We give you a single pane of glass and a single set of policies and automations that you can apply quickly, easily, and safely. If you would like to learn more, and I know you would because if you sat here this long, well, there's free beer over there, which means you want to learn more. If you'd like to see how this works or if you'd like to see a demo, either tonight or maybe tomorrow, either give us a call or come over to our booth. We're booth number 4:30, right along the back wall.
Varonis is a data security platform that will help you find problems automatically, fix them automatically, and detect and respond to threats. The way we start is we do a risk assessment. This takes 15 to 20 minutes to plug into your AWS environment. We'll look at the other hyperscales, we'll look at on-premises data, we'll look at files, we'll look at databases, we'll plug into your Salesforce environment, we'll plug into your GitHub environment, and very quickly, on day one, you will see results.
Within a week, you'll see real risks, and within a couple of weeks, we will show you a real plan to reduce them. But even if you do nothing else, I can guarantee you we're going to show you things that you didn't know about your data. The whole reason, the whole goal of cybersecurity is to protect data. We make it easy, we'll do it across cloud, we'll do it accurately, and we'll do it automatically.

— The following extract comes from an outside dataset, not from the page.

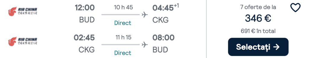 ZBOR: Budapesta -> Chongqing, Preț dus-întors 346€/pers
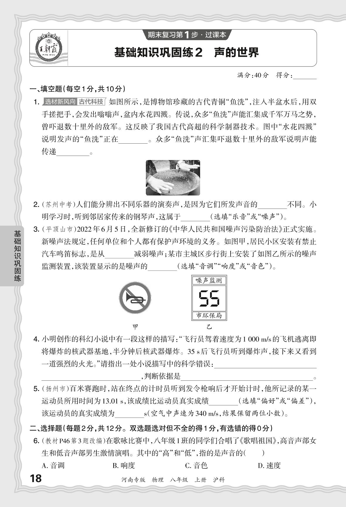 2023秋上册八年级物理沪科版 期末过课本·基础知识巩固练 声的世界_R231124175344004【2】

If you don't believe me, well, come and try it. I'll take the Pepsi challenge against any other tools or processes that you have in place. I've been doing this a long time. I've seen people struggle, and I've seen people do a lot with just a little bit. I'm going to end a little bit early because it looks like you guys all want to go enjoy the rest of the show and enjoy your time in Vegas.
My name is Brian. I've got a flight to catch in about 40 minutes, so I'm going to run upstairs and catch an Uber. I really appreciate your time, and I hope you come over and learn some more. Thank you all so much.